Flowers Jane packer suggests co-ordinating your flowers and your interior

Our growing passion for cut flowers is reflected in the enormous rise in the amount of flowers bought over recent years.

Most of us buy them on a weekly basis and enjoy indulging in a selection of blooms from around the world - courtesy of hothouses and air transport.

More than that we often choose their colour or effect to contrast or blend with our interior styles - even if we are not aware of it.

Florist Jane Packer's imaginative style is well demonstrated in a nostalgia-filled alternative to a table centrepiece - a stack of glass cake stands decorated with tiny paper cake cases displaying flower heads.

Ironically those traditional English blooms are what first captivated her over 20 years ago when as a 15-year-old schoolgirl she got a weekend job in a small flower shop.

It was the start of what she calls her "obsession" with flowers. She recalls: "I spent my first day's pay on a bunch of narcissi. I arranged them in a brown pottery jug with a band of orange and yellow marbled glaze that picked up the tones of flowers.

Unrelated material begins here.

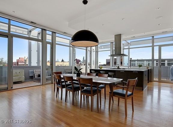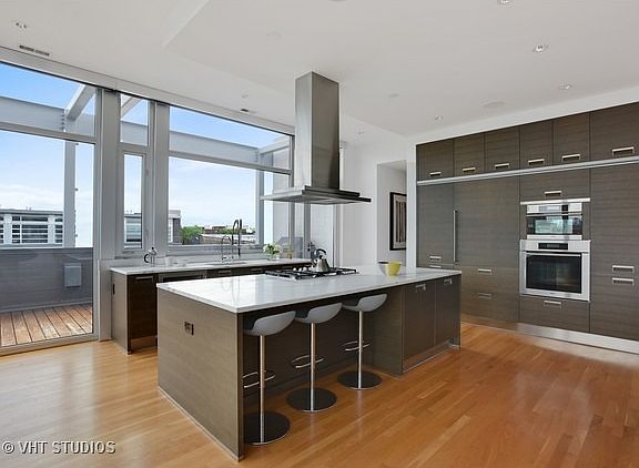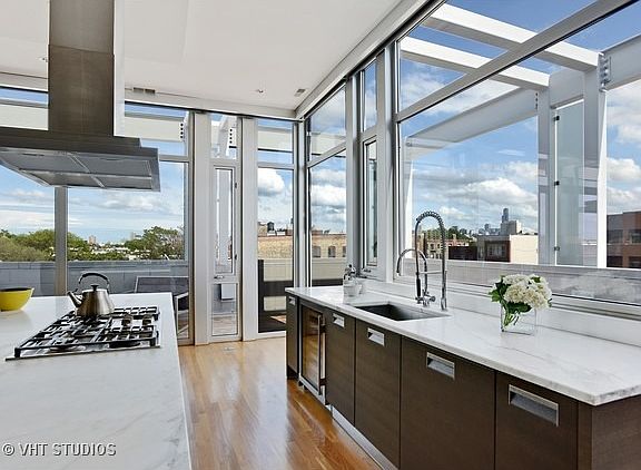 Incredible corner Penthouse in Bucktown. Amazing city views from your own private rooftop and wrap around terrace. Spacious split floor plan with 3 bedrooms and 2.1 baths, 10'' ceilings throughout. Floor to ceiling windows. Arclinea kitchen with Subzero and Miele. Luxurious master bath with steam shower. Rooftop deck has hot tub and sauna. Wood burning fireplace. 2 car garage included.
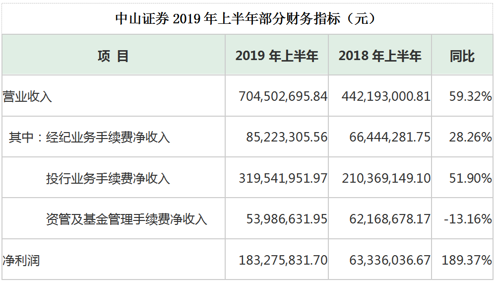 此前,作为公司控股股东,锦龙股份公布了中山证券2019年上半年未经审计财务数据。报告期内,中山证券共实现营收7.05亿元,相比于去年同期的4.42亿元,同比增长59.32%;与此同时,其上半年净利润为1.83亿元,对比去年同期的6333.60万元,同比大增189.37%。

"Without realising it I'd colour co-ordinated container and flowers and ever since then I've developed that."

When she opened her first shop in London 1982 she banned carnations and chrysanthemums with rigid stems and funeral connotations and instead opted for country style flowers.

"Then I wanted to bring nature into the city and celebrate those lovely flowers, Sweet Williams, lavender and pinks and even weeds from the hedgerows.

"I still love those but it just shows how everything comes back into style eventually as carnations and chrysanthemums are back in favour with me as much as anyone else."

She advises when giving flowers as a gift: "Even if you get flowers from a garage use a bit of imagination and wrap your flowers in a paper photocopy of a picture of you and your partner."